» Problem statement
Copy, word for word, the lines below from the one containing "店員さんに「カキフライにもサラダが載ってますよ」と、" up to and including the one containing "비빔국수 올려놔도 잘생겼을것", with pictures left out.

» Records supplied
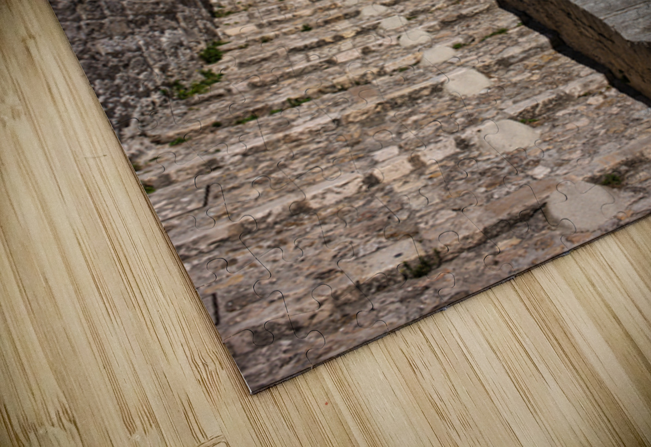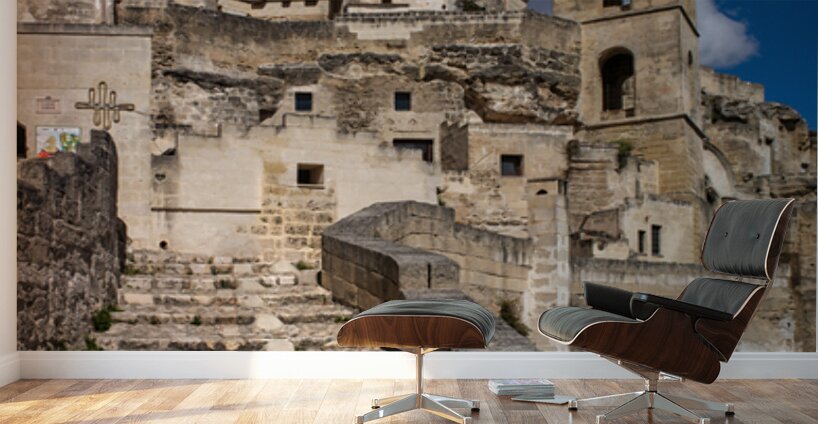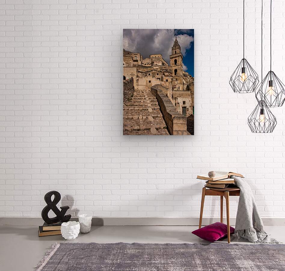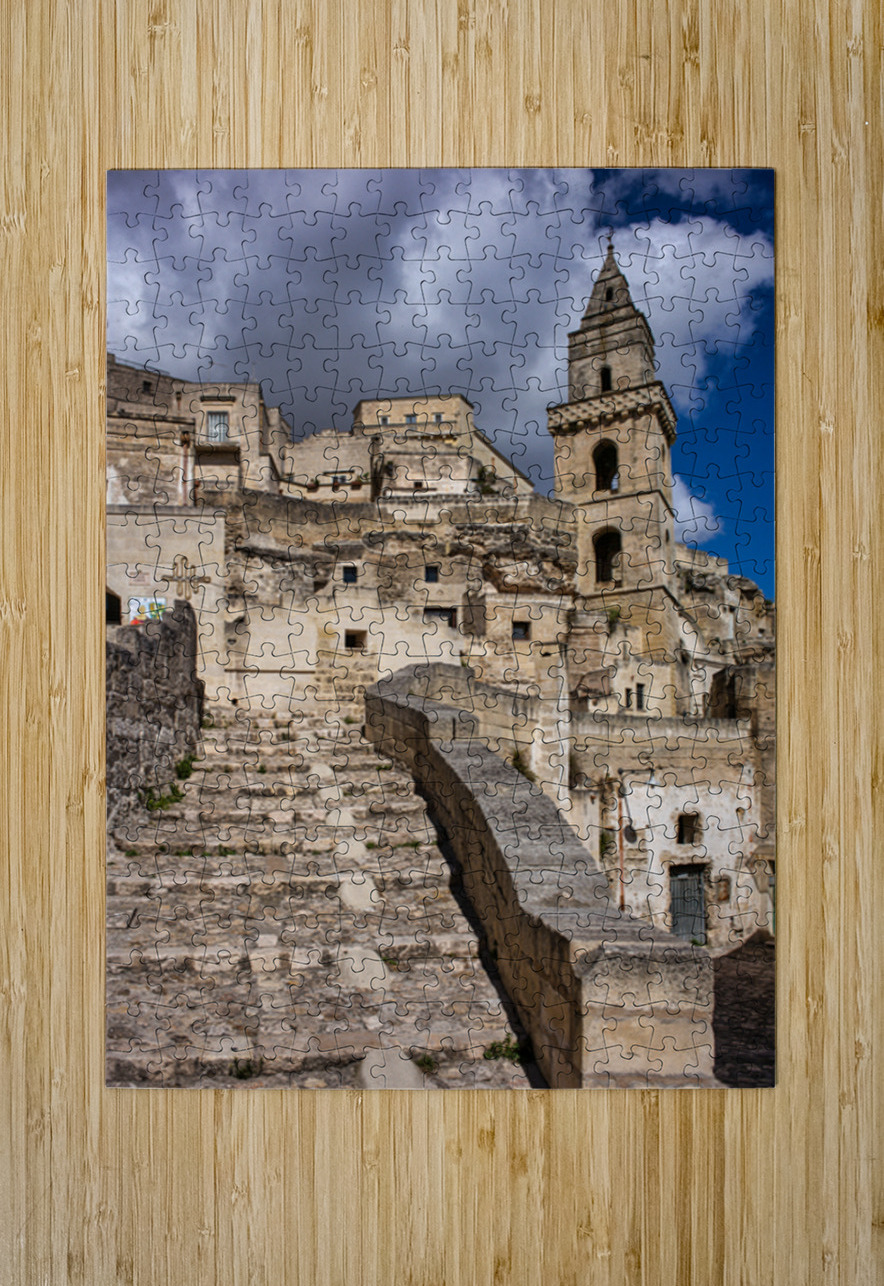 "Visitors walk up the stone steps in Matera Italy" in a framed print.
...
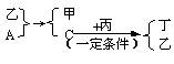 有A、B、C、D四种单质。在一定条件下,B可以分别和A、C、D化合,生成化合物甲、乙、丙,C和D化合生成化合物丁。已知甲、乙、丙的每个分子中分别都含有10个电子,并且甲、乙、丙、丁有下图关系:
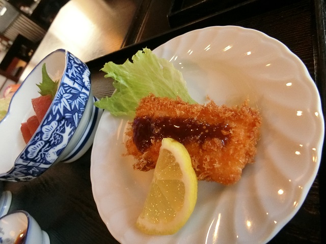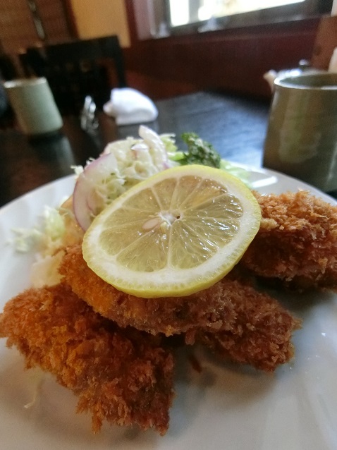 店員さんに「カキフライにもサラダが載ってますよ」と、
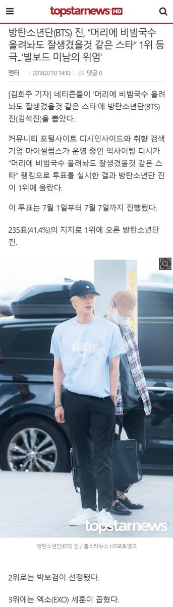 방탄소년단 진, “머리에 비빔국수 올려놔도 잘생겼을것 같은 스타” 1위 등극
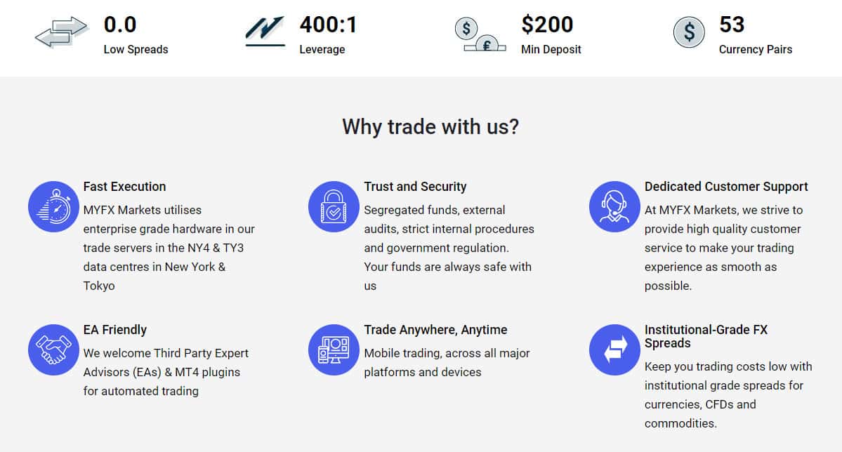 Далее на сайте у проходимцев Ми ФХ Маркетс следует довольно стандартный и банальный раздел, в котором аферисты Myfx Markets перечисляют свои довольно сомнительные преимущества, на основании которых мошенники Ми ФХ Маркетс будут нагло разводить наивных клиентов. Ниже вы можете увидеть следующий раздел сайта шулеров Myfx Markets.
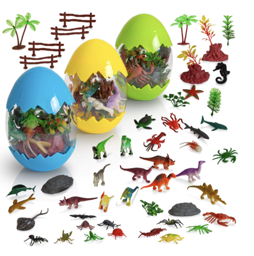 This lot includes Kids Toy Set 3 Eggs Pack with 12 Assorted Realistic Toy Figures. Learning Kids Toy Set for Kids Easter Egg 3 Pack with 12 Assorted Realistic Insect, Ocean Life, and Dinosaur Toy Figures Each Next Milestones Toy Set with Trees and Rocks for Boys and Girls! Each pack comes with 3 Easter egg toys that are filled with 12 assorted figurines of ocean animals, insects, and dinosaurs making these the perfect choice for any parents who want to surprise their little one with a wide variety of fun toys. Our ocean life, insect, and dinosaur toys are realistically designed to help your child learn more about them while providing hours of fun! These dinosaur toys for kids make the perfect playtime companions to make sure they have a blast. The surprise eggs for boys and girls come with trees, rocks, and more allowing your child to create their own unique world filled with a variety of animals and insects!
---
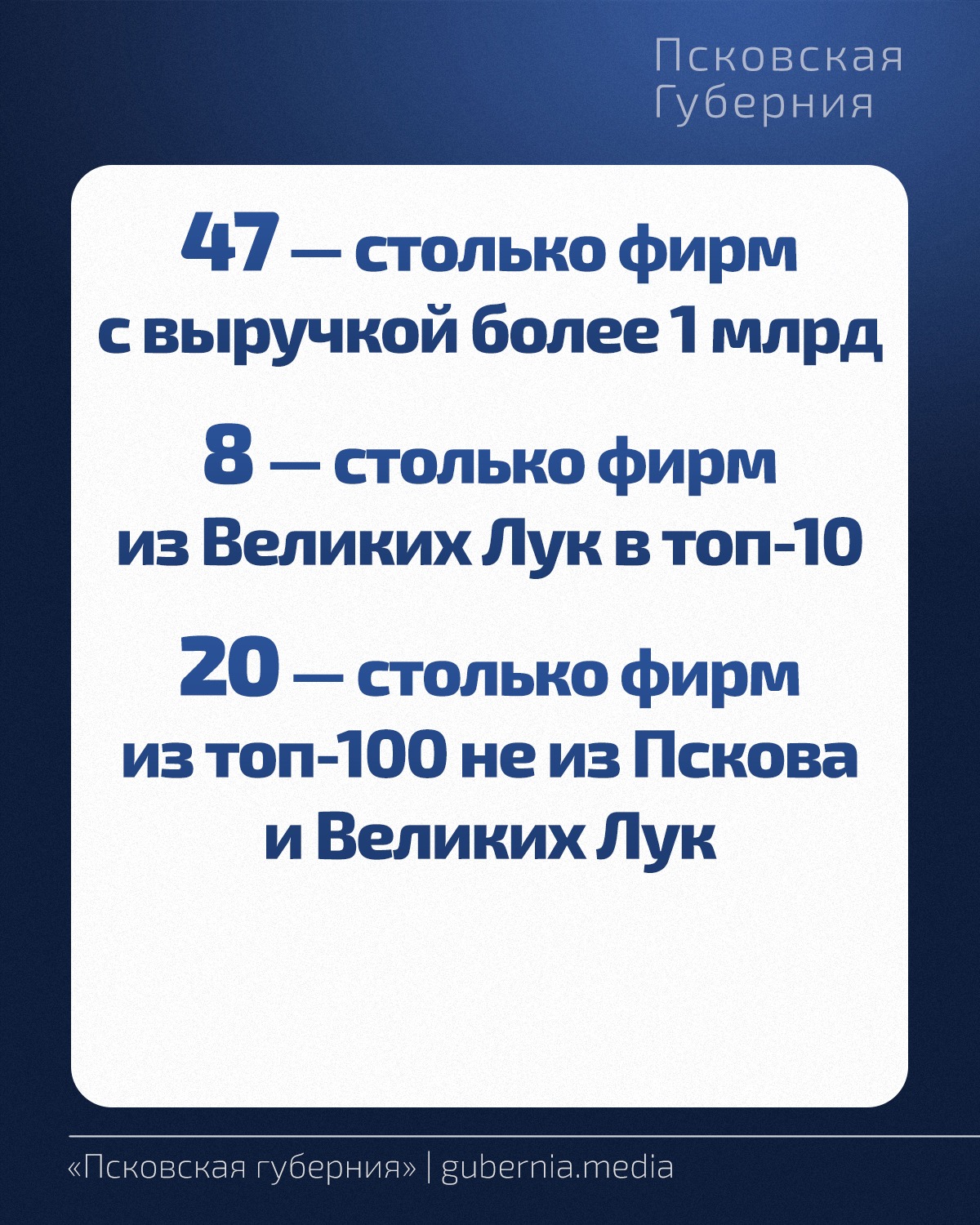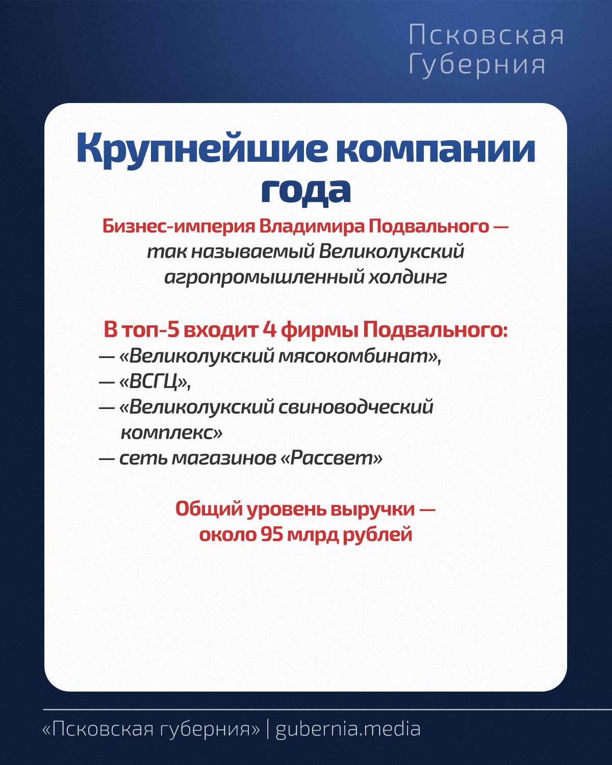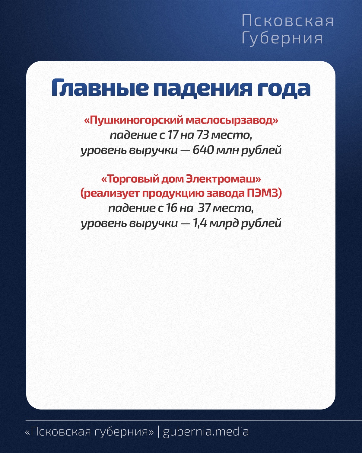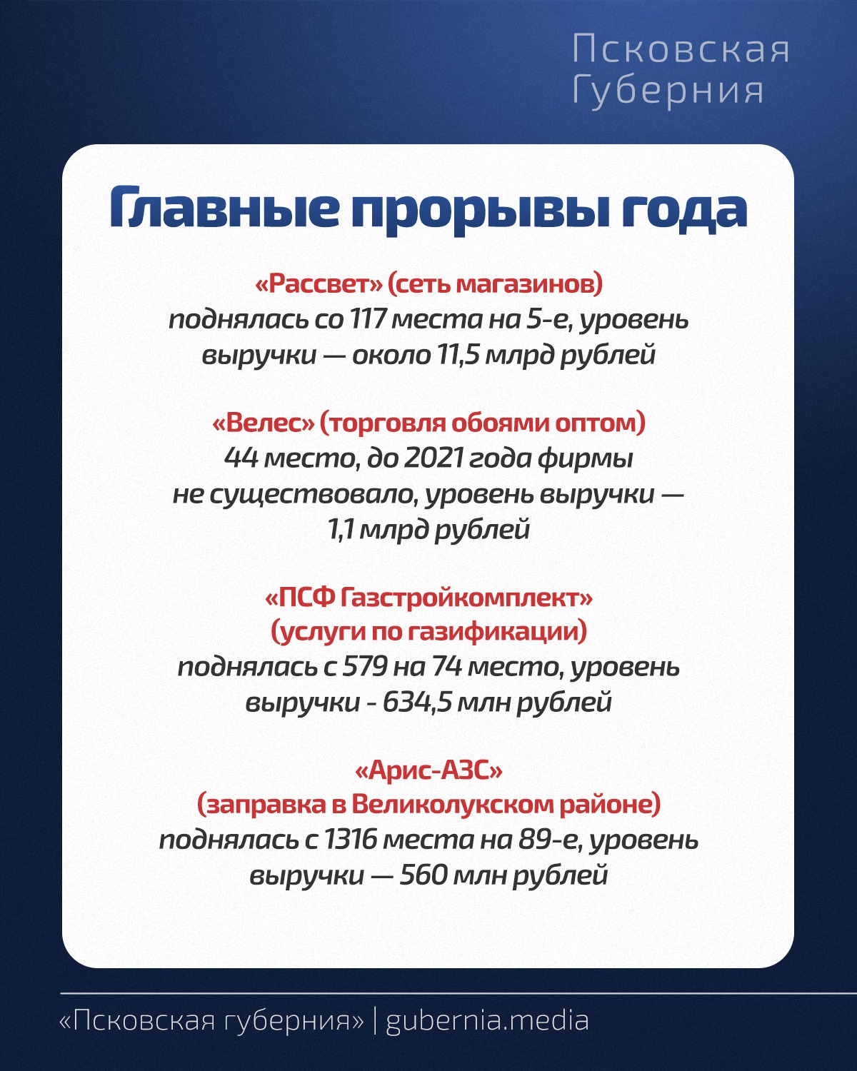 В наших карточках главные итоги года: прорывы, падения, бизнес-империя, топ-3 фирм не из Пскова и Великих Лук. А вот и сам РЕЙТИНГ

» Solution to the problem
 店員さんに「カキフライにもサラダが載ってますよ」と、
 방탄소년단 진, “머리에 비빔국수 올려놔도 잘생겼을것 같은 스타” 1위 등극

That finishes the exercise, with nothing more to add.